Jumat malam, pukul delapan waktu ibu kota dan sekitarnya...
Elen menginap di rumahku malam ini. Karena pacar sewaannya sedang izin pulang sebentar ke rumah. Yang mana membuatku jadi sedikit heran. Tapi aku tidak ingin menanyakannya. Aku tidak ingin membuat Elen kepikiran.
Kini Elen sedang membantuku memilihkan pria yang cocok untuk mendampingiku selama enam bulan ke depan. Dia juga membantu memilihkan cicilan terendah untukku. Ya anggap saja uang kenaikan gaji untuk membayarnya. Dan ya akhirnya mataku tertuju pada seorang pria di sana. Namanya Vi.
"Ini saja," kataku kepada Elen.
"Yakin?" tanya Elen sebelum mengekliknya.
"Iya. Sepertinya dia lucu. Dia bertingkah aneh di sana."
Aku melihat pria itu menari-nari tak jelas di sana. Entah siapa dia, yang penting bukan orang gila saja.
"Baiklah. Sekarang kau klik sendiri." Elen memintaku untuk mengeklik sendiri.
Aku pun menurutinya.
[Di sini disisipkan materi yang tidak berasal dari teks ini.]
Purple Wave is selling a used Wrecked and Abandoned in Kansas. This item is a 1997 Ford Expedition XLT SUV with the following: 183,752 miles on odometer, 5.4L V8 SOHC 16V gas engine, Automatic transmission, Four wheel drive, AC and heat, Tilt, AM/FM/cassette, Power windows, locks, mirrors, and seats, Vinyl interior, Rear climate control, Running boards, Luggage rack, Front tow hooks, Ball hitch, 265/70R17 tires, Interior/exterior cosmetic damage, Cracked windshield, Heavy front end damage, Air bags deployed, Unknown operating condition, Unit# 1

Tapi entah mengapa saat ingin mengeklik, tanganku gemetaran. Keringat dingin pun mulai bermunculan di dahiku.
"Cepat, Ras! Nanti terburu diambil orang!" Elen pun memintaku untuk segera mengekliknya.
Sungguh jantungku berdebar bukan main. Seribu pertanyaan bersanding dengan jawaban di otakku. Pada akhirnya aku pun mengekliknya dengan napas terengah-engah. Tak berapa lama kemudian keluar persyaratan yang harus segera kutandatangani dan isi. Elen pun membantuku untuk mengisinya. Dan akhirnya...
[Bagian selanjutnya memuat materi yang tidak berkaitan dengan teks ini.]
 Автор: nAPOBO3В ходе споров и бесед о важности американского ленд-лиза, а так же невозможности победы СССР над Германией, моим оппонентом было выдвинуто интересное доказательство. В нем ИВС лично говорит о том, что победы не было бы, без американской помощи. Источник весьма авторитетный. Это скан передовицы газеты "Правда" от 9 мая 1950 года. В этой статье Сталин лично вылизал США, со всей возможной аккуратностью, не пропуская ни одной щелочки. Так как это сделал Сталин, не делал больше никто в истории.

"Selesai! Besok kita tunggu dia datang." Elen pun tersenyum semringah sekali.
"Hem."
Esok harinya...
Pagi-pagi pintu rumahku diketuk. Tak tahu siapa yang mengetuknya, aku pun lekas bangun dari kasurku. Kulihat Elen masih meringkuk di sampingku. Tidurnya memang aneh sekali, tapi dia tetap temanku.
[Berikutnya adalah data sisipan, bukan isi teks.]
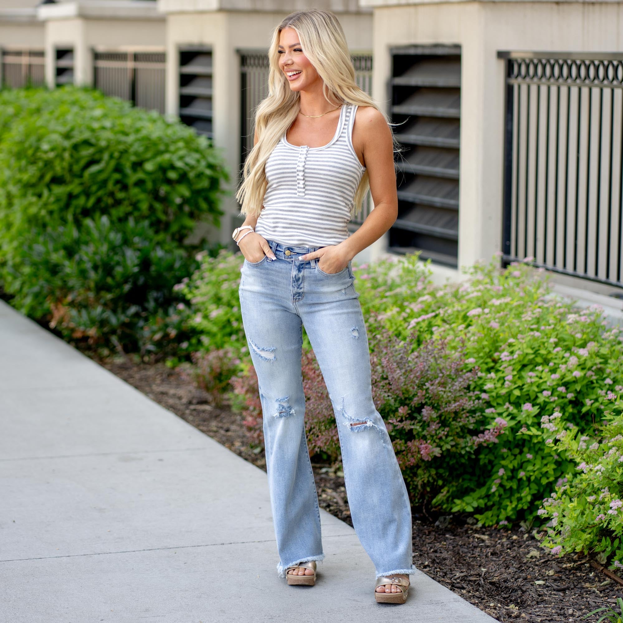Judy Blue jeans run generous and are very stretchy compared to other brands. We recommend sizing down one size in the skinny jeans, flares, and boot cuts and 2 sizes in the boyfriends or relaxed denim.

Dengan lemas aku pun berjalan menuju pintu. Sambil mengucek mata, kucoba untuk mengembalikan penuh kesadaranku. Kulihat samar-samar jam di dinding telah menunjukkan pukul setengah enam pagi. Lantas saja aku membuka pintu kontrakanku. Aku ingin melihat siapa yang datang pagi ini. Dan ternyata...
"Selamat pagi, dengan Nona Saras?" tanyanya yang mengejutkanku.
"Em, siapa ya?" Aku pun balik bertanya padanya.
Dia tersenyum dengan satu tangan yang disembunyikan ke belakang. Aku tak tahu apa yang dia pegang. Tapi kemudian...
"Ini untukmu. Aku Vi, pacarmu," katanya yang membuatku lemas seketika. Aku pun terjatuh di depan pintu.
"Nona! Nona!!!"
Dia pun berteriak-teriak memanggilku. Tapi entah mengapa aku hanya bisa mendengarnya saja. Pria yang datang ini terlalu tampan bagiku. Aku pun terjatuh lemas melihatnya. Senyumnya, matanya, membuatku terpesona. Sampai-sampai aku tak kuat lagi menapakkan kaki saat dia berada di hadapanku. Aku ingin pingsan saja.
Setengah jam kemudian...
"Ras, kau baik-baik saja?"
Mentari baru saja terbit. Sinarnya pun mulai masuk ke dalam kontrakan yang berada di lantai dua ini. Dan ya, Elen sudah terbangun dan menemaniku di kursi tamu. Dia membantu menyadarkanku.
"Maafkan kedatangan saya yang tidak mengabari lebih dulu," kata pria berpakaian klasik itu.